Problem
Every record below should be retyped exactly, and no picture should appear in the copy.

Information provided
________________________________________

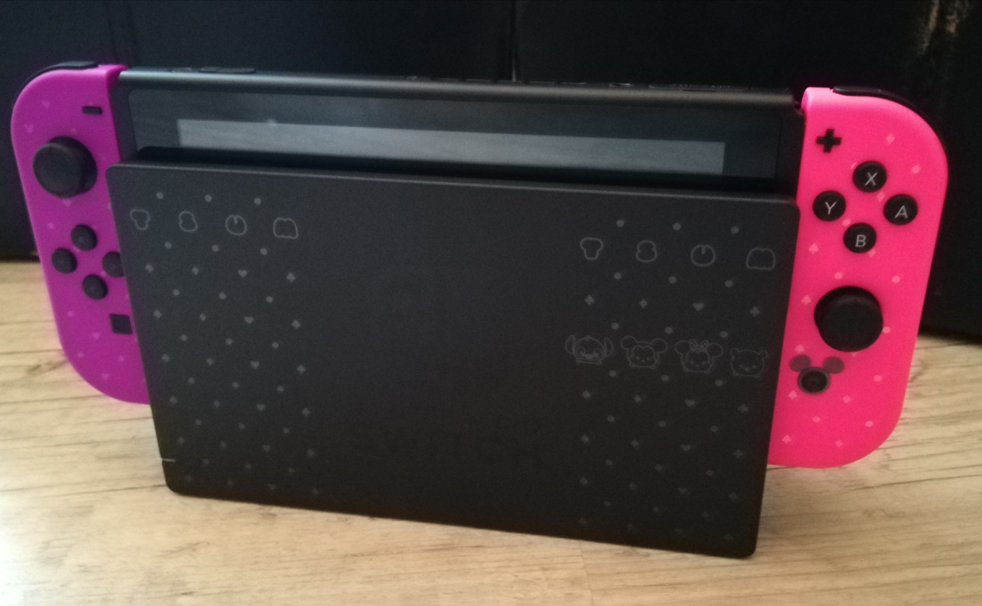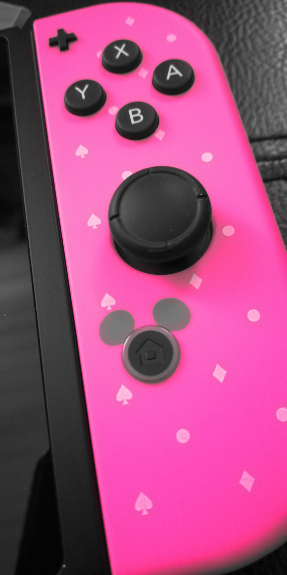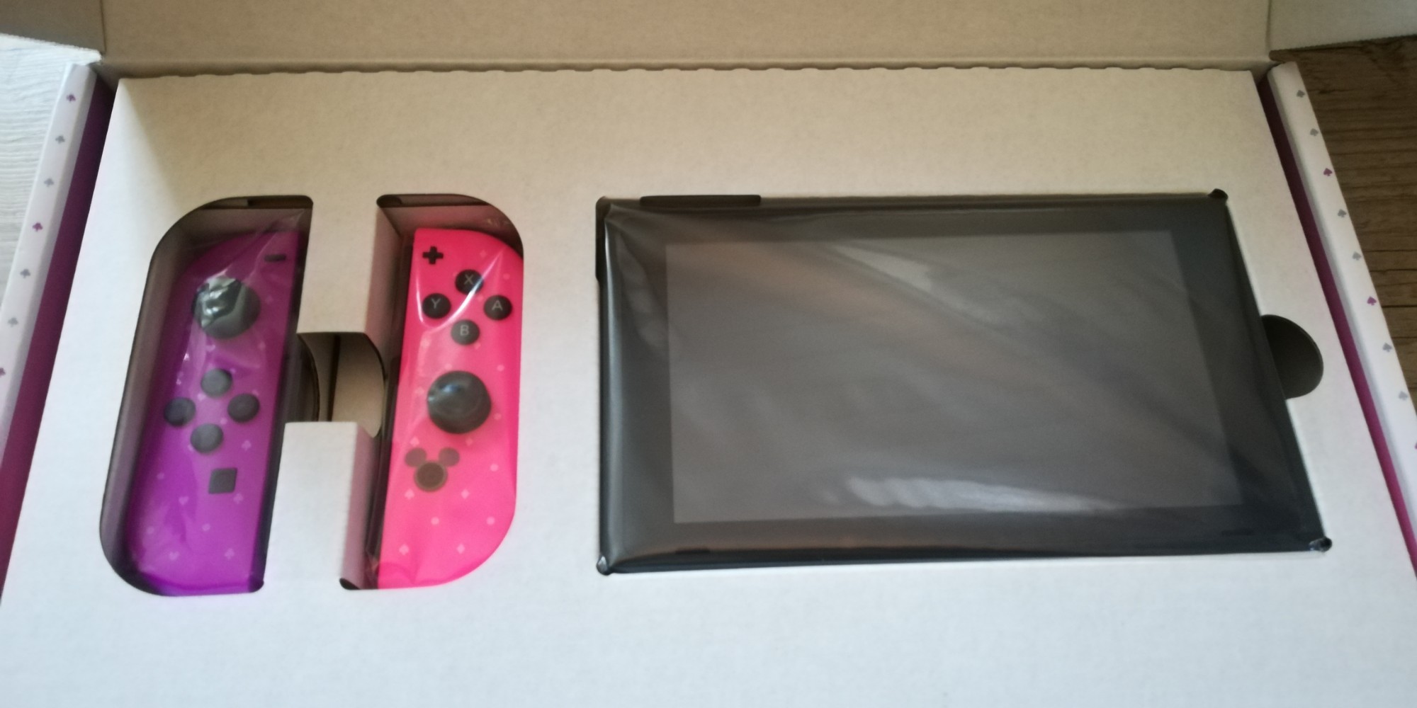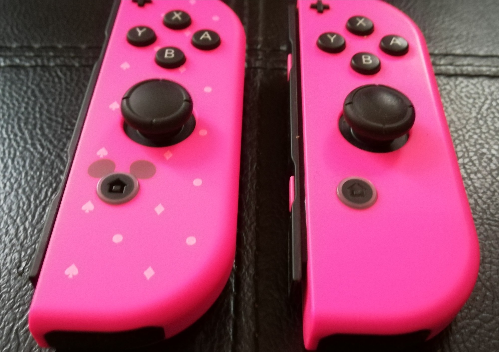 En plus du jeu, et comme les éditions limitées précédentes, l’hybride de Nintendo possède des joycons exclusifs. Celui de gauche est violet avec quelques petits pictogrammes (cœurs, trèfles…). Le droit est rose et est très proche du joycon de Splatoon 2, avec un petit clin d’œil à Mickey sur le bouton Home.
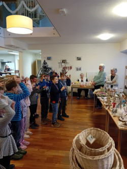 Návštěva bytového domu 2.oddělení. Žáci na uvítanou přednesli dvě básničky, které se naučili s paní učitelkou Janou Šenkýřovou 2B. Ozdobili si vánoční sádrový odlitek, radost měli z nákupu vánočních dárečků, ozdob a malého občerstvení. Děkujeme za návštěvu.
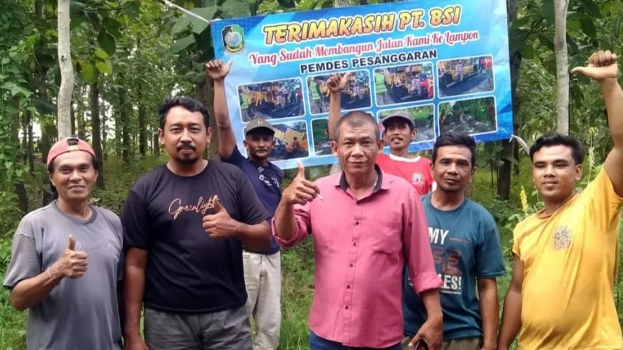 Warga Bentangkan Spanduk Terima Kasih PT BSI untuk Proyek Jalan Lampon
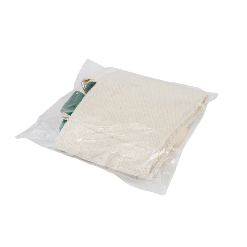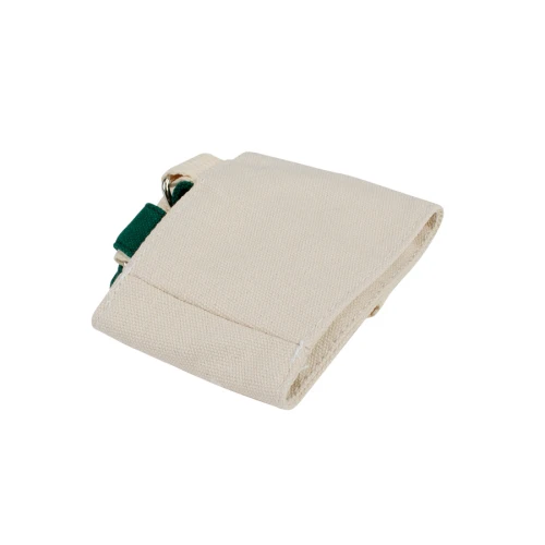 Porta-Lata o vaso de café colgante, en tela Canvas de 10oz color natural. Contiene soporte de color verde y lanyard colgante removible de 84 cm. de largo.
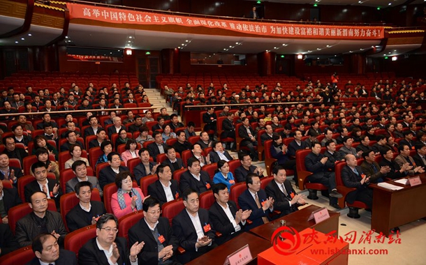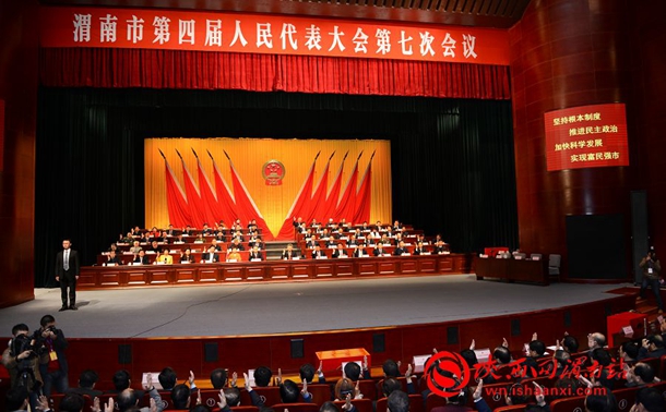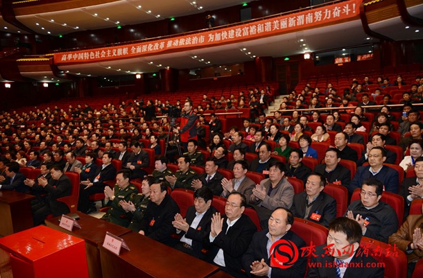 李明远以全票当选成为渭南市人民政府市长,出席市四届七次闭幕会的人大代表鼓掌表示祝贺。记者杨青山 张亨特摄
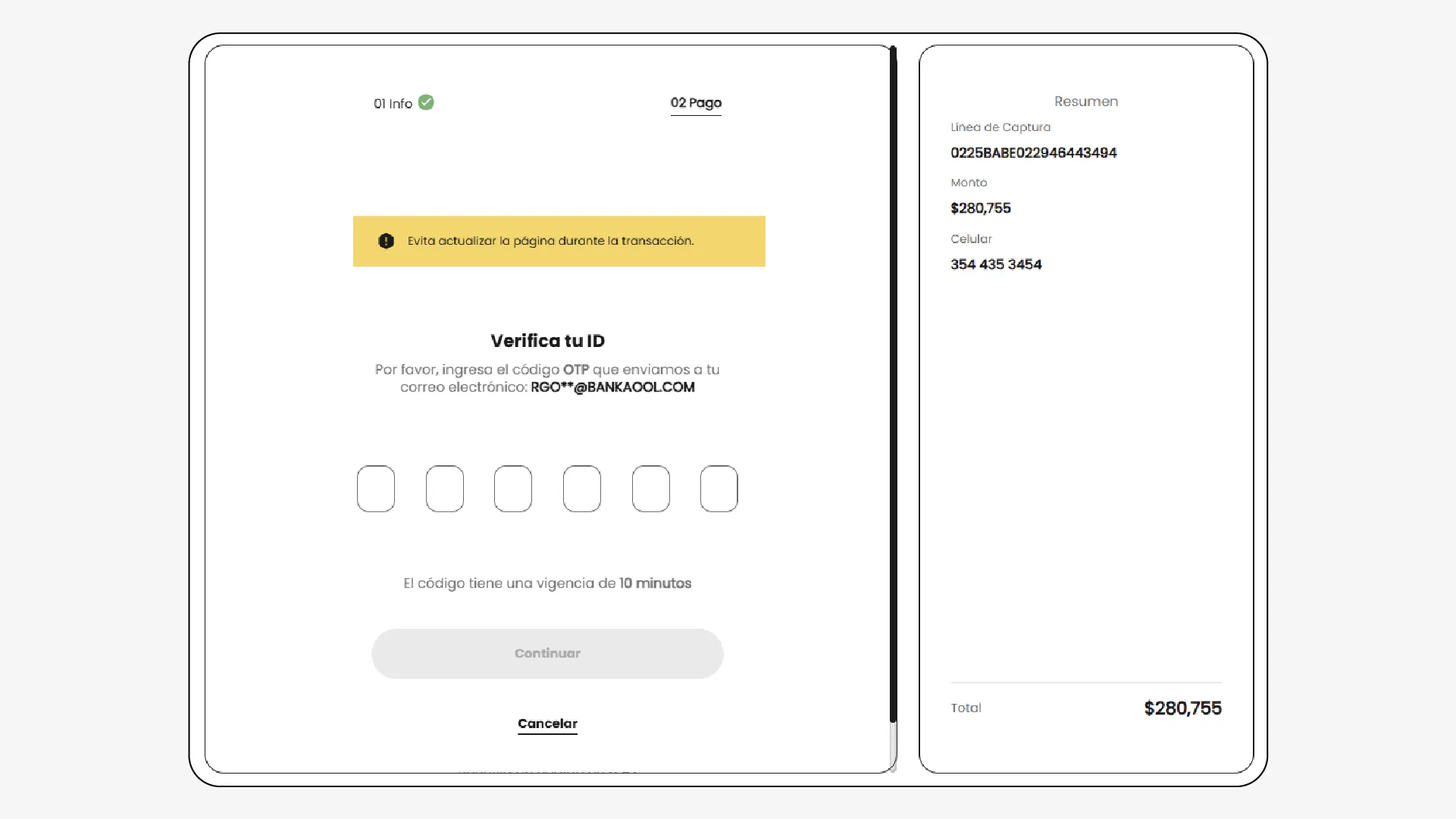 - Verifica tu ID: escribe el código OTP que te llegará a tu correo o ingresa a tu app de Bankaool ID para generarlo. Después haz clic en Continuar. Recuerda nunca compartir tu OTP con nadie.
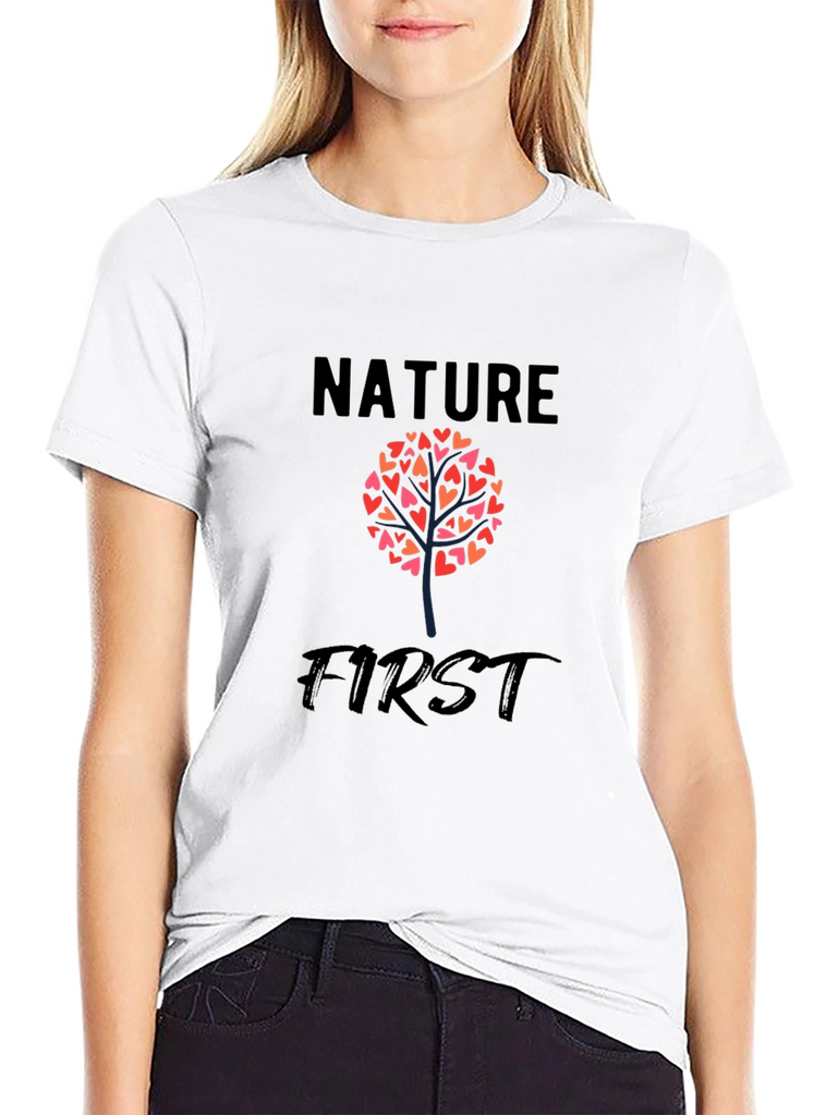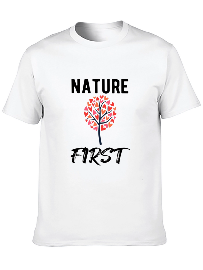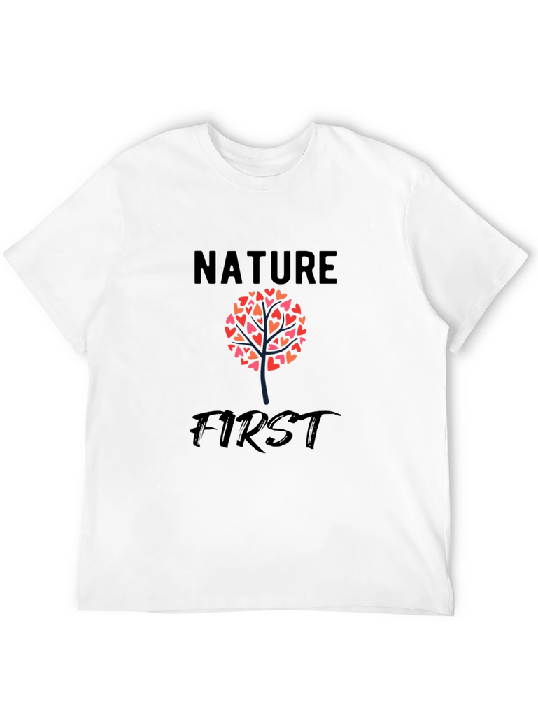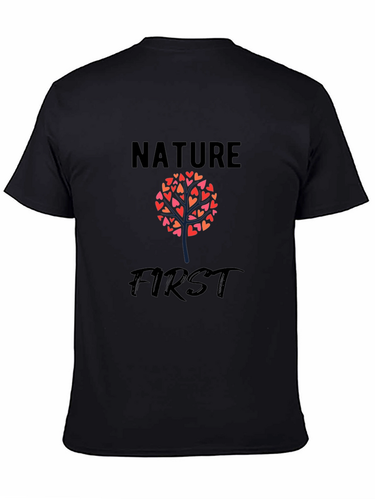 Show your love for nature with this stylish black t-shirt. Featuring a unique 'Nature First' design with a tree composed of vibrant red and peach hearts, this tee is sure to make a statement. Made from comfortable, breathable fabric, this shirt is perfect for everyday wear, casual outings, or environmental events. The classic fit ensures a flattering look for all body types. Embrace sustainability and make a fashion statement with this eye-catching graphic tee. A great gift for nature lovers and eco-conscious individuals. Stand out and express your passion for the planet!
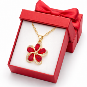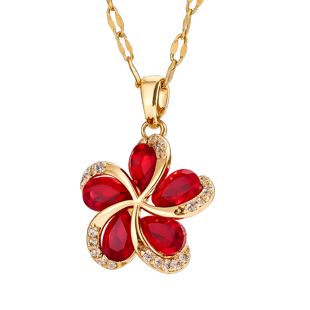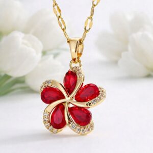 ✨Piękny naszyjnik z kwiatem czerwonym wykończony cyrkoniami

________________________________________

Completed exercise
 En plus du jeu, et comme les éditions limitées précédentes, l’hybride de Nintendo possède des joycons exclusifs. Celui de gauche est violet avec quelques petits pictogrammes (cœurs, trèfles…). Le droit est rose et est très proche du joycon de Splatoon 2, avec un petit clin d’œil à Mickey sur le bouton Home.
 Návštěva bytového domu 2.oddělení. Žáci na uvítanou přednesli dvě básničky, které se naučili s paní učitelkou Janou Šenkýřovou 2B. Ozdobili si vánoční sádrový odlitek, radost měli z nákupu vánočních dárečků, ozdob a malého občerstvení. Děkujeme za návštěvu.
 Warga Bentangkan Spanduk Terima Kasih PT BSI untuk Proyek Jalan Lampon
 Porta-Lata o vaso de café colgante, en tela Canvas de 10oz color natural. Contiene soporte de color verde y lanyard colgante removible de 84 cm. de largo.
 李明远以全票当选成为渭南市人民政府市长,出席市四届七次闭幕会的人大代表鼓掌表示祝贺。记者杨青山 张亨特摄
 - Verifica tu ID: escribe el código OTP que te llegará a tu correo o ingresa a tu app de Bankaool ID para generarlo. Después haz clic en Continuar. Recuerda nunca compartir tu OTP con nadie.
 Show your love for nature with this stylish black t-shirt. Featuring a unique 'Nature First' design with a tree composed of vibrant red and peach hearts, this tee is sure to make a statement. Made from comfortable, breathable fabric, this shirt is perfect for everyday wear, casual outings, or environmental events. The classic fit ensures a flattering look for all body types. Embrace sustainability and make a fashion statement with this eye-catching graphic tee. A great gift for nature lovers and eco-conscious individuals. Stand out and express your passion for the planet!
 ✨Piękny naszyjnik z kwiatem czerwonym wykończony cyrkoniami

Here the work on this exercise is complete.